Here's a kākāpō riding a bicycle instead: https://gist.github.com/simonw/19574e1c6c61fc2456ee413a24528...

I don't think it quite captures their majesty: https://en.wikipedia.org/wiki/K%C4%81k%C4%81p%C5%8D

zahlman · 2026-02-05T21:14:19 1770326059

Now that I've looked it all up, I feel like that's much more accurate to a real kākāpō than the pelican is to a real pelican. It's almost as if it thinks a pelican is just a white flamingo with a different beak.

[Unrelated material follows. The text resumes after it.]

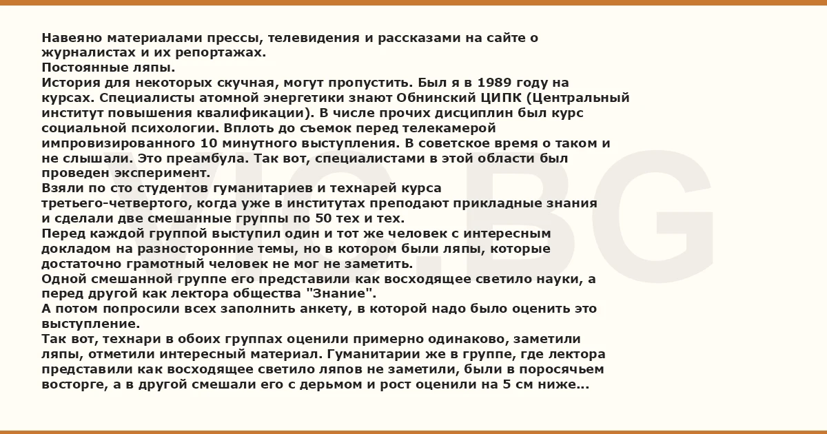 Навеяно материалами прессы, телевидения и рассказами на сайте о журналистах и их репортажах. Постоянные ляпы. История для некоторых скучная, могут пропустить. Был я в 1989 году на курсах. Специалисты атомной энергетики знают Обнинский ЦИПК (Центральный институт повышения квалификации). В числе прочих дисциплин был курс социальной психологии. Вплоть до съемок перед телекамерой импровизированного 10 минутного выступления. В советское время о таком и не слышали. Это преамбула. Так вот, специалистами в этой области был проведен эксперимент. Взяли по сто студентов гуманитариев и технарей курса третьего-четвертого, когда уже в институтах преподают прикладные знания и сделали две смешанные группы по 50 тех и тех. Перед каждой группой выступил один и тот же человек с интересным докладом на разносторонние темы, но в котором были ляпы, которые достаточно грамотный человек не мог не заметить. Одной смешанной группе его представили как восходящее светило науки, а перед другой как лектора общества "Знание". А потом попросили всех заполнить анкету, в которой надо было оценить это выступление. Так вот, технари в обоих группах оценили примерно одинаково, заметили ляпы, отметили интересный материал. Гуманитарии же в группе, где лектора представили как восходящее светило ляпов не заметили, были в поросячьем восторге, а в другой смешали его с дерьмом и рост оценили на 5 см ниже фактического. Субъективизм сумасшедший. Вот она - четвертая власть.

DetroitThrow · 2026-02-05T18:01:01 1770314461

The ears on top are a cute touch

6thbit · 2026-02-05T20:23:30 1770323010

do you have a gif? i need an evolving pelican gif

Kye · 2026-02-06T00:54:07 1770339247

A pelican GIF in a Pelican(TM) MP4 container.

MaysonL · 2026-02-06T02:22:31 1770344551

Except for both its legs being on the same side of the bike.

copilot_king_2 · 2026-02-05T18:17:07 1770315427

I'm firing all of my developers this afternoon.

RGamma · 2026-02-05T19:11:10 1770318670

Opus 6 will fire you instead for being too slow with the ideas.

insane_dreamer · 2026-02-05T20:58:41 1770325121

Too late. You’ve already been fired by a moltbot agent from your PHB.

behnamoh · 2026-02-05T18:35:02 1770316502

[flagged]

smokel · 2026-02-05T19:25:16 1770319516

I'll bite. The benchmark is actually pretty good. It shows in an extremely comprehensible way how far LLMs have come. Someone not in the know has a hard time understanding what 65.4% means on "Terminal-Bench 2.0". Comparing some crappy pelicans on bicycles is a lot easier.

blibble · 2026-02-05T20:50:46 1770324646

it ceases to be a useful benchmark of general ability when you post it publicly for them to train against

quinnjh · 2026-02-05T19:26:50 1770319610

the field is advancing so fast it's hard to do real science as their will be a new SOTA by the time you're ready to publish results. i think this is a combination of that and people having a laugh.

Would you mind sharing which benchmarks you think are useful measures for multimodal reasoning?

techpression · 2026-02-05T20:50:10 1770324610

A benchmark only tests what the benchmark is doing, the goal is to make that task correlate with actually valuable things. Graphic benchmarks is a good example, extremely hard to know what you will get in a game by looking at 3D Mark scores, it varies by a lot. Making a SVG of a single thing doesn’t help much unless that applies to all SVG tasks.

fullstackchris · 2026-02-05T21:21:52 1770326512

[flagged]

dang · 2026-02-05T22:18:44 1770329924

Personal attacks are not allowed on HN. No more of this, please.